The patches start to beat spontaneously after three days, and start to mimic the structure of mature heart tissue within one month, the team explains. After this, they can be grafted into the damaged heart to help it repair and recover normal functionality.

Rabbit trials showed these patches to be safe and that they lead to an improvement in the functioning of the heart after a heart attack. Four weeks after the patches were applied, heart scans showed that the heart’s left ventricle (the one which pumps blood out to the body) was recovering nicely, without any abnormal heart rhythms. Other stem cell delivery methods run the risk of such abnormal rhythms developing, the team explains.

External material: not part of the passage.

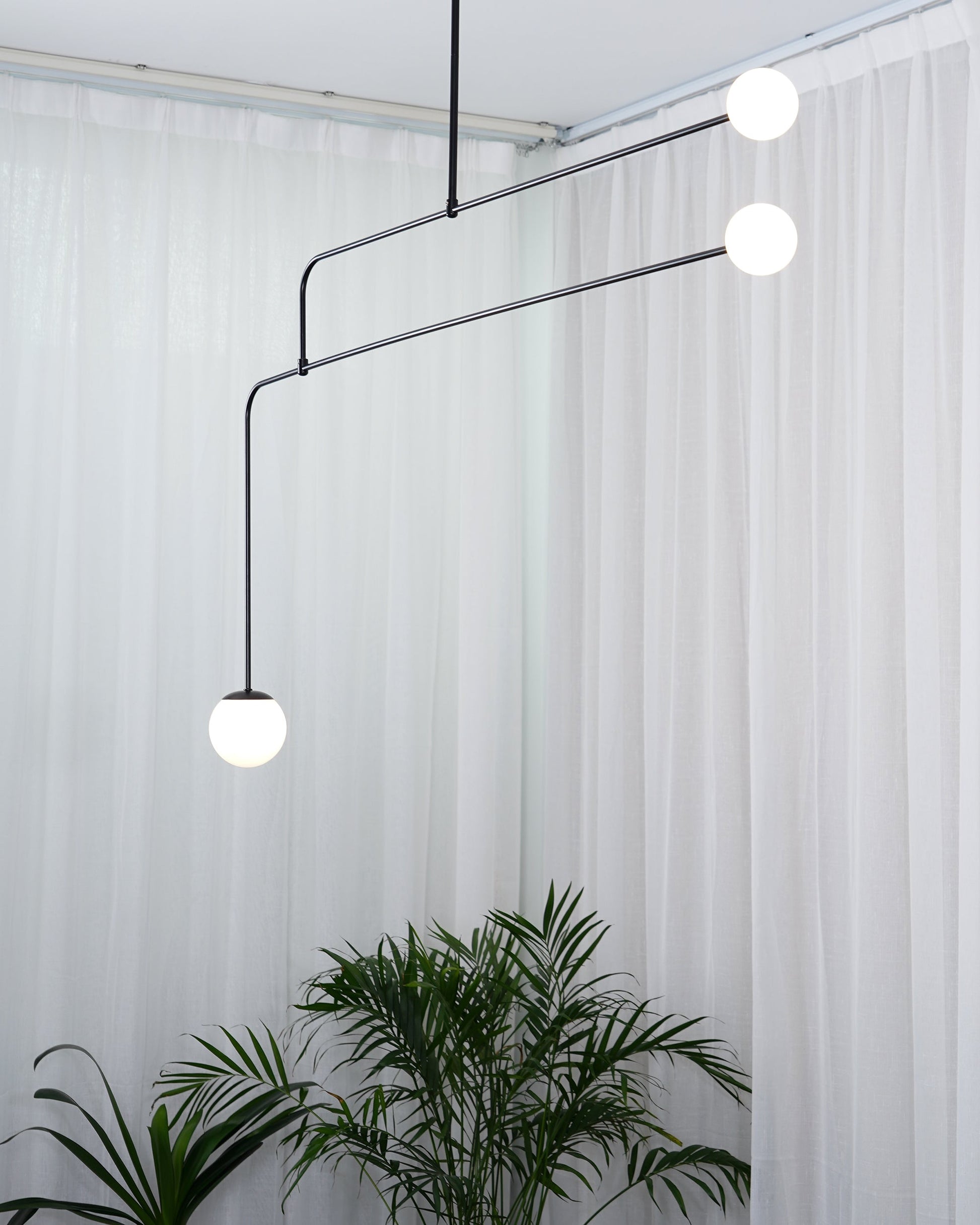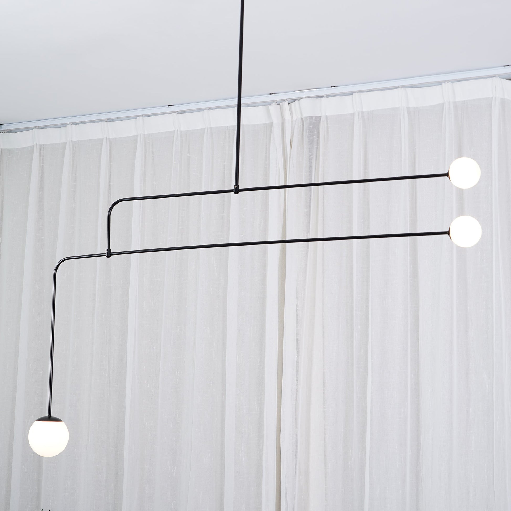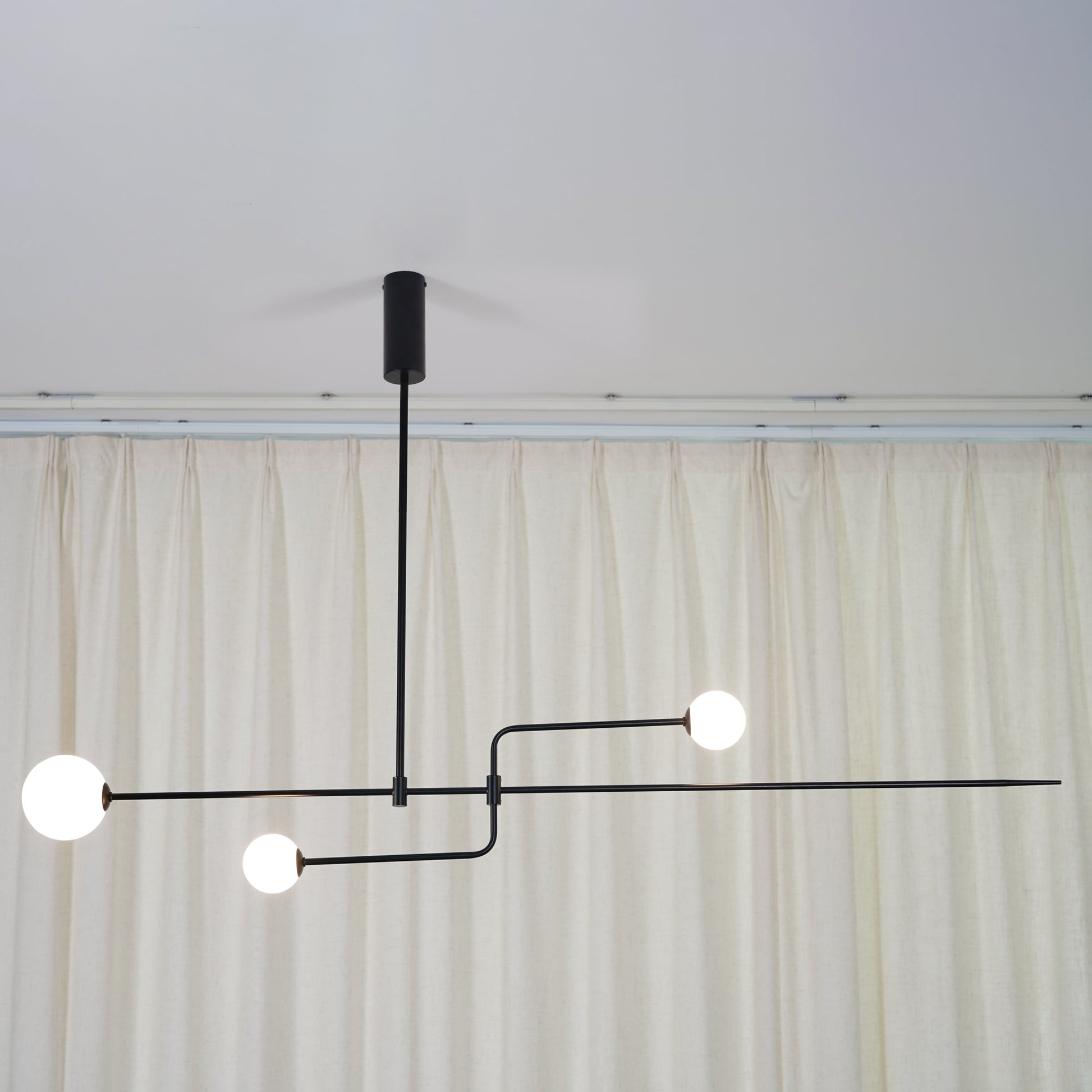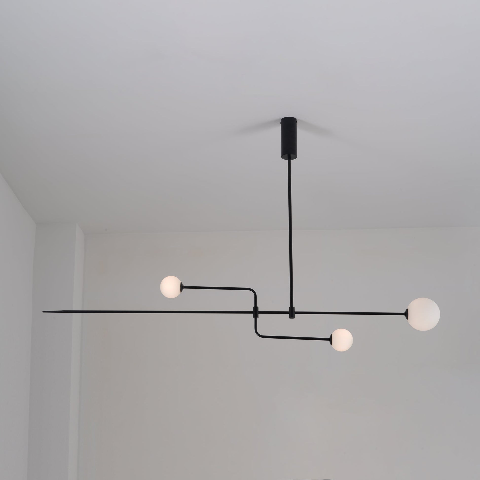 Mobile Chandelier is a minimalist design created by London-based designer Michael Anastassiades. This lighting reveals a minimalist design with very graphic and uncluttered forms. These lines in the air have several sources of warm light, with diffusers in opaline blown glass.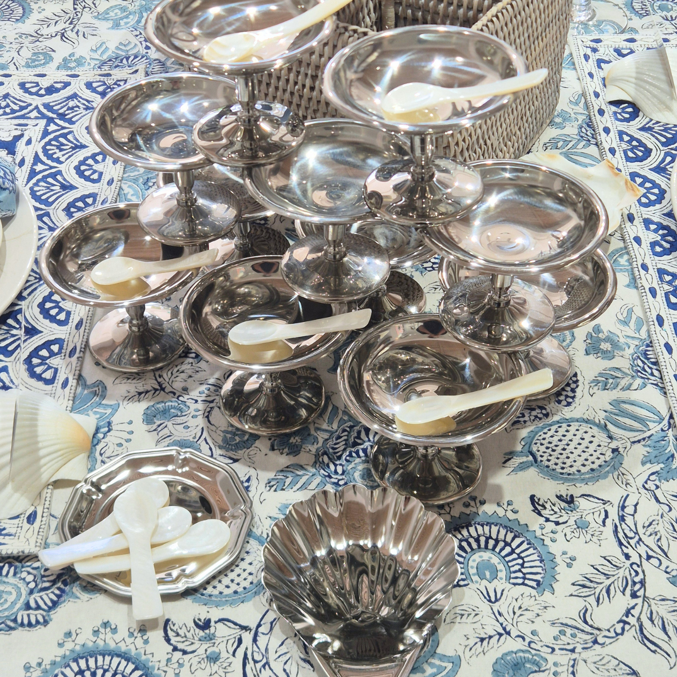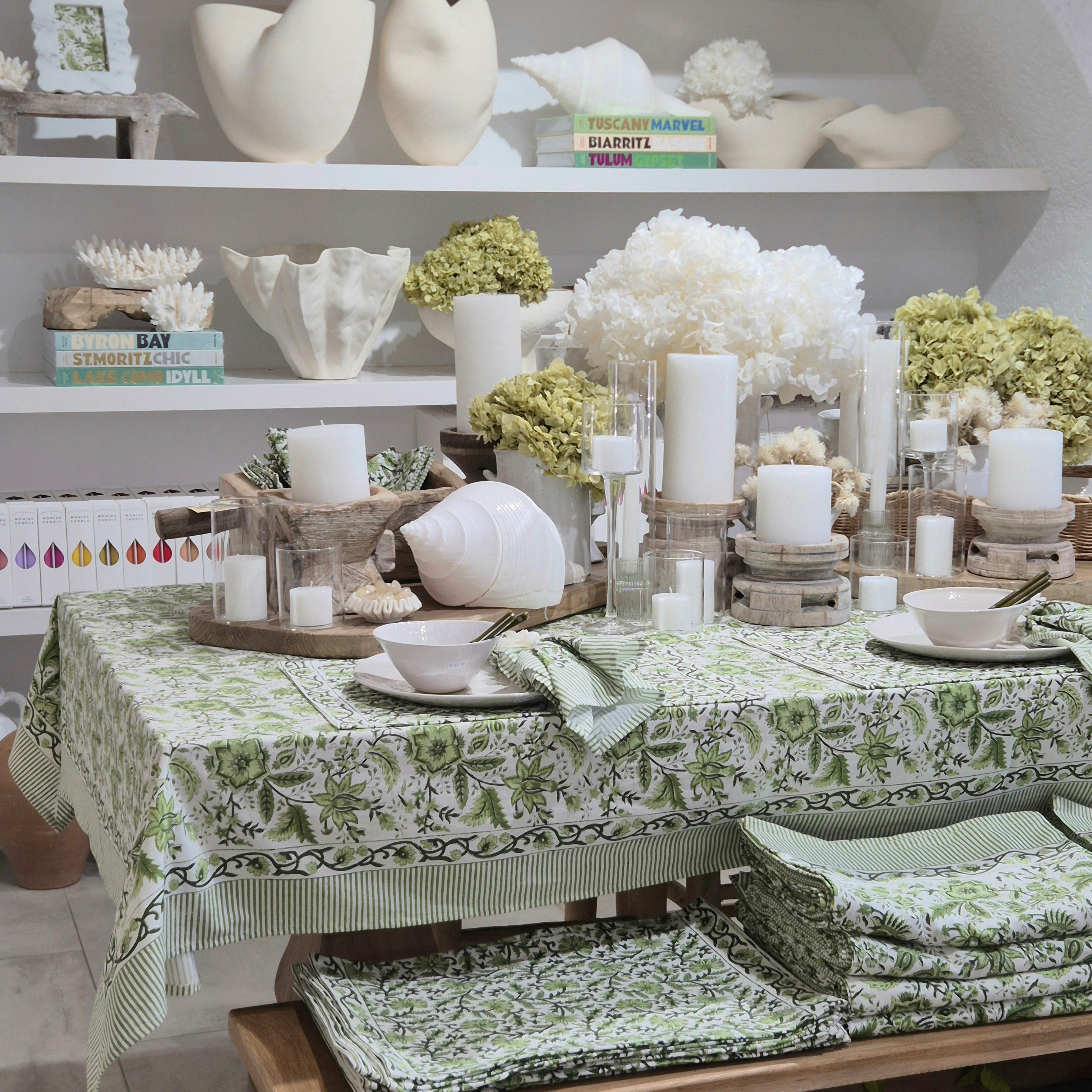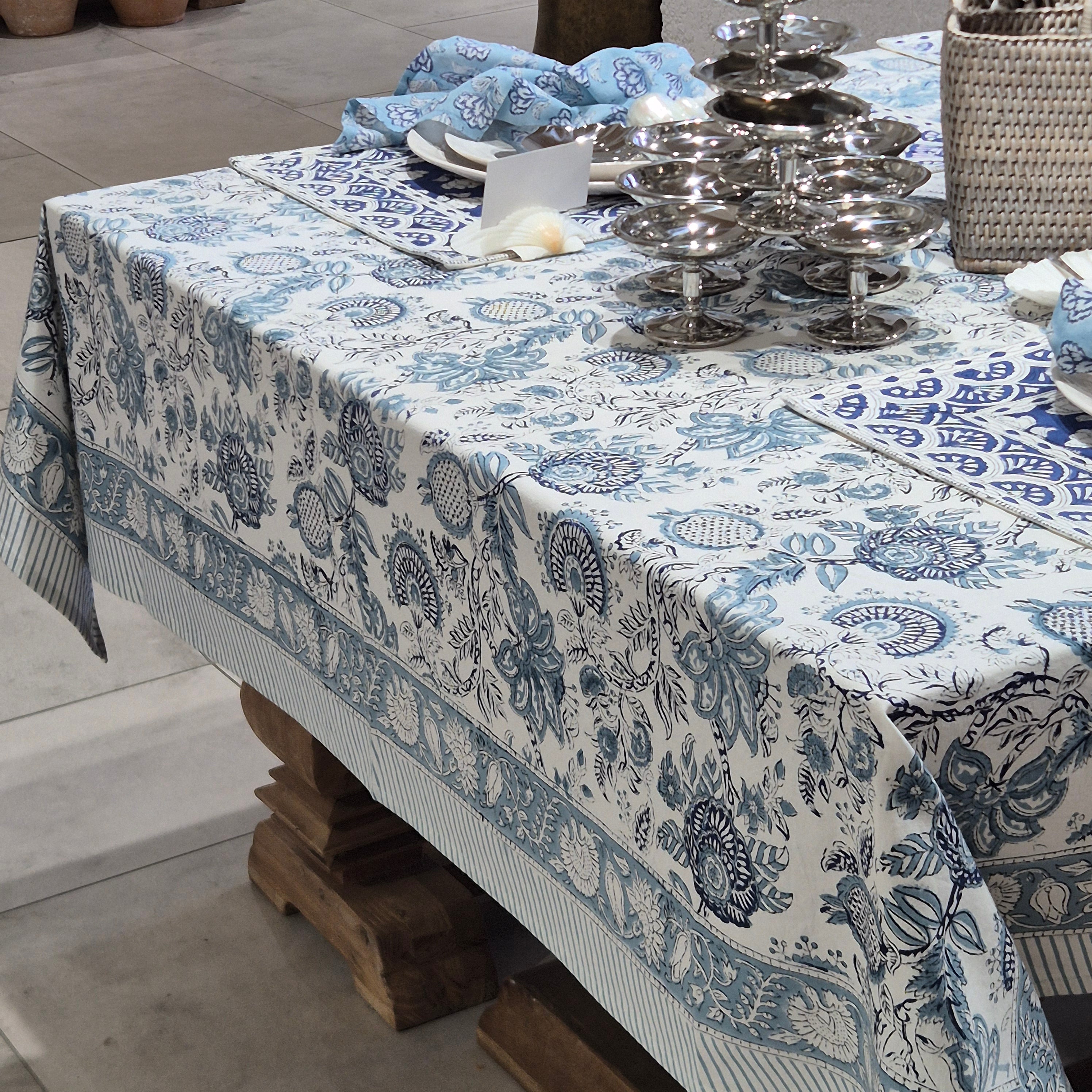 For this new table, we have blended nautical elements with dried botanicals using our Garden Palace Tablecloth as the foundation.

So far, the patches have proven their efficacy. The next steps include a clinical trial with human subjects, first to test how safe they are, then to see if they can achieve the same levels of healing in humans. They were developed as an alternative to the more traditional approach of injecting stem cells directly into damaged hearts, which has had mixed results. In the absence of a patch, the stem cells are quickly cleared from the heart before they can produce any significant repairs.

“One day, we hope to add heart patches to the treatments that doctors can routinely offer people after a heart attack,” says Dr Richard Jabbour, who carried out the research at the London BHF Centre of Regenerative Medicine said.

“We could prescribe one of these patches alongside medicines for someone with heart failure, which you could take from a shelf and implant straight in to a person.”

The findings were presented at the British Cardiovascular Society (BCS) Conference in Manchester on Monday, June 3rd.